As a case study to test the impact of different OUT generation methods on apha and beta diversity estaimtes, we chose Kungsängen Nature Reserve, a semi-natural grassland located in Uppsala, Sweden. The site has drawn frequent visitors since Linnaeus’s time because of its vegetation and bird-life. It is also home to the largest population of the plant F. meleagris (Liliaceae) in Sweden, where it was naturalized in the 18th century after being used as a popular garden flower since the 17th century (Linnaeus, 1921 [1753]; Zhang, 1983).
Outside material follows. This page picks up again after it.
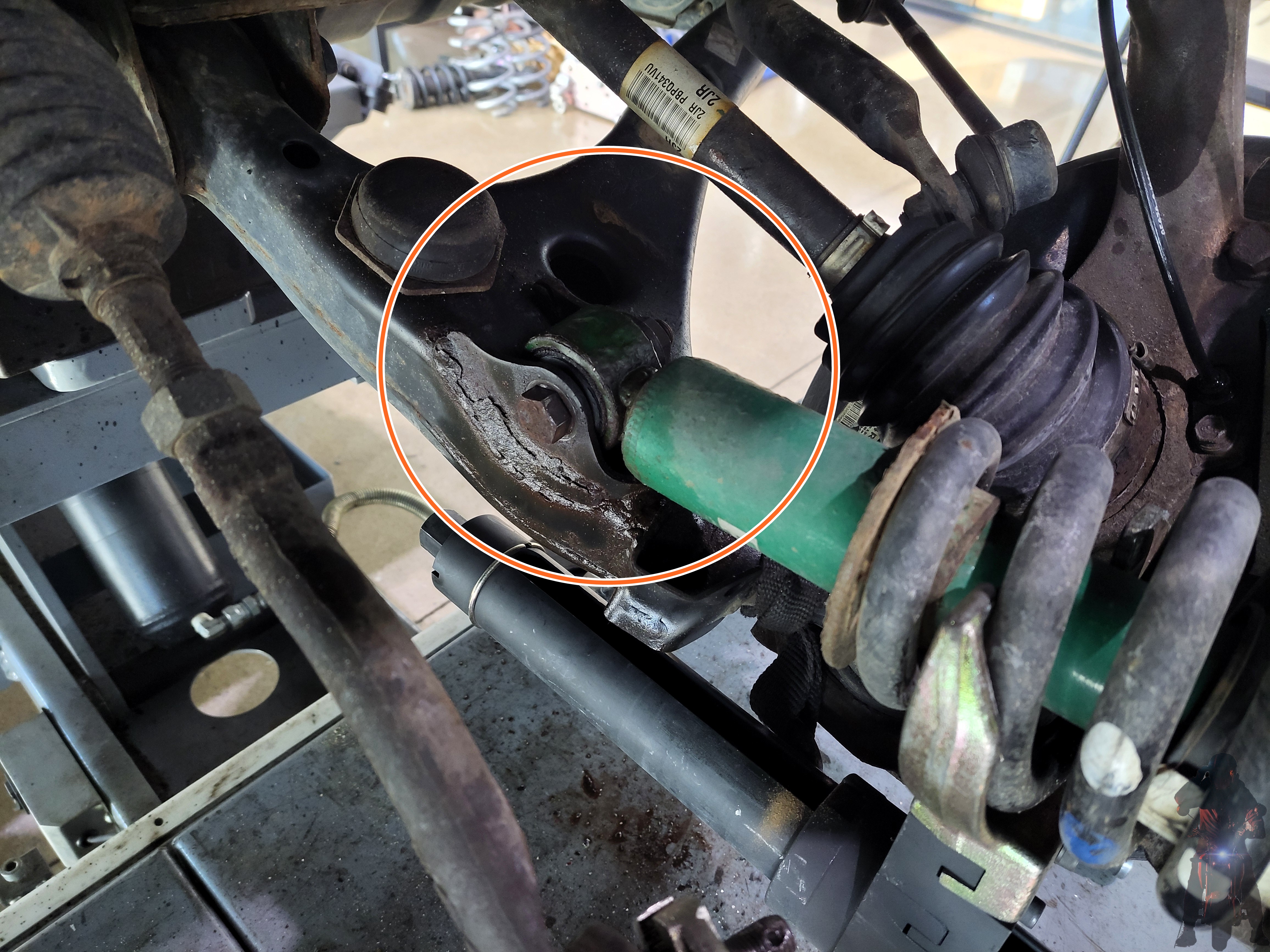 기아자동차 모하비 차량의 프런트 쇼바 하단 고정부의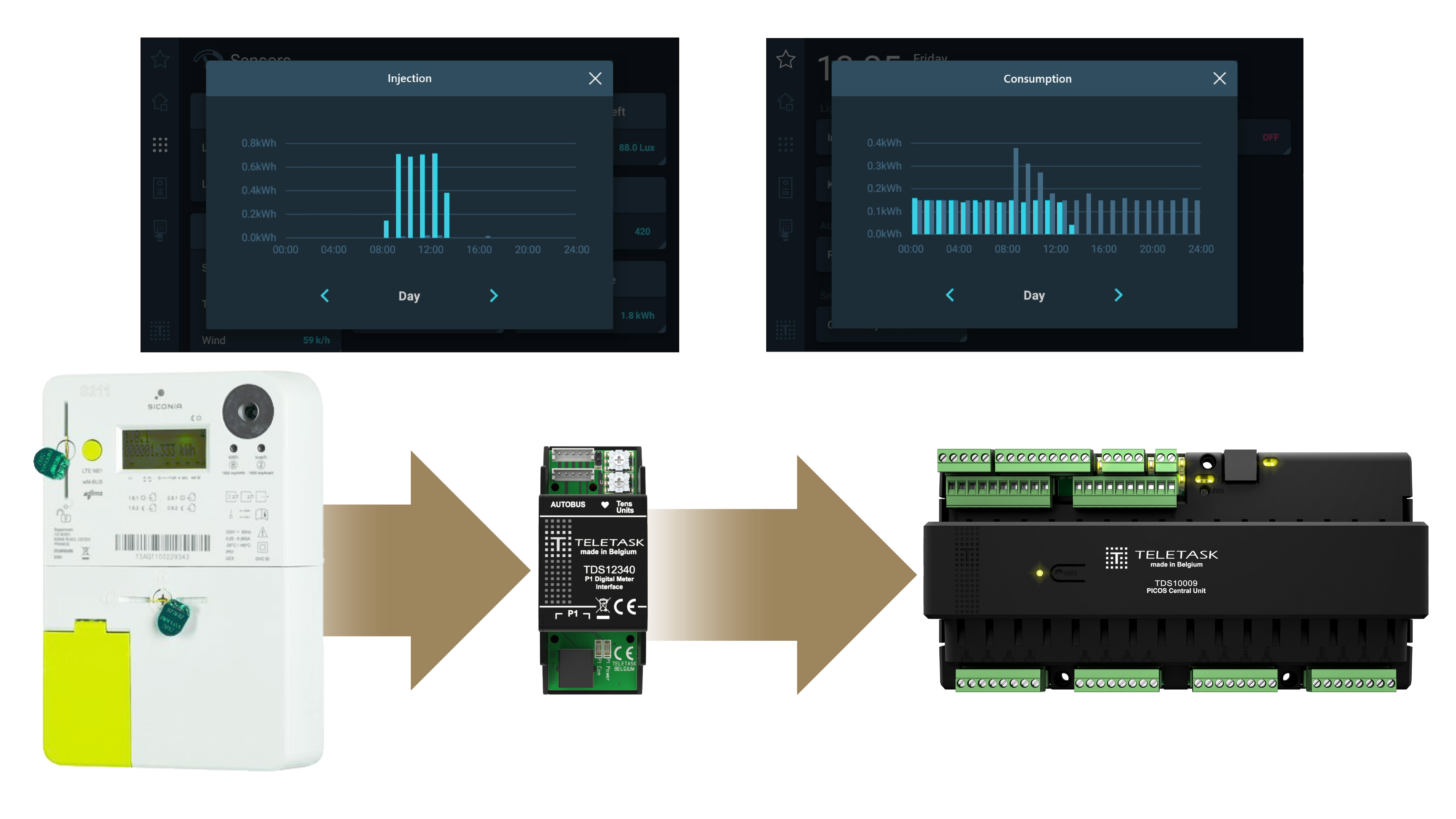 Het TELETASK-systeem biedt verschillende mogelijkheden om het verbruik en de opbrengst van energie te visualiseren. Zo kunt u op een toetsenpaneel of aanraakscherm de opbrengst van uw fotovoltaïsche panelen raadplegen. Of misschien wilt u uw opbrengst van gisteren, vorige week, maand of jaar bekijken? Geen probleem. Zelfs grafieken zijn mogelijk. Bovendien kan u ook zowat alles raadplegen en bijsturen via uw smartphone.

It is from this location that the flower draws its Swedish common name, “Kungsängslilja”. Plant diversity has been monitored at the site since 1940 with permanent east – west transect across the field (Sernander, 1948; Zhang, 1983). In this study, we revisited two of the permanent transects at the Kungsängen Nature Reserve and collected plant community data to identify the abrupt change in meadow plant community from the wetter part towards the river, visually distinct from the mesic-dry part further inland. Soil samples were collected on both sides of this transtition zone to test if belowground community compositional shift across the transition from wet to mesic-dry parts of the meadow was consistently captured with different OTU generation methods. Further, the effect of OTU generation method on the characterized community of soil microeukaryotes was explored for richness estimates, taxonomic and phylogentic resolution and detection limits of rare taxa. Apart from providing the first belowground community observations from this study site, we outline an analysis of detection limits and phylogenetic resolution of three different OTU generation methods applied to long read metabarcoding data. This approach is potentially important for the field of eDNA community analysis as long read metabarcoding is becoming an increasingly applied methodology (Furneaux et al., 2021; Jamy et al., 2020; Tedersoo et al., 2017). Burki et al 2021.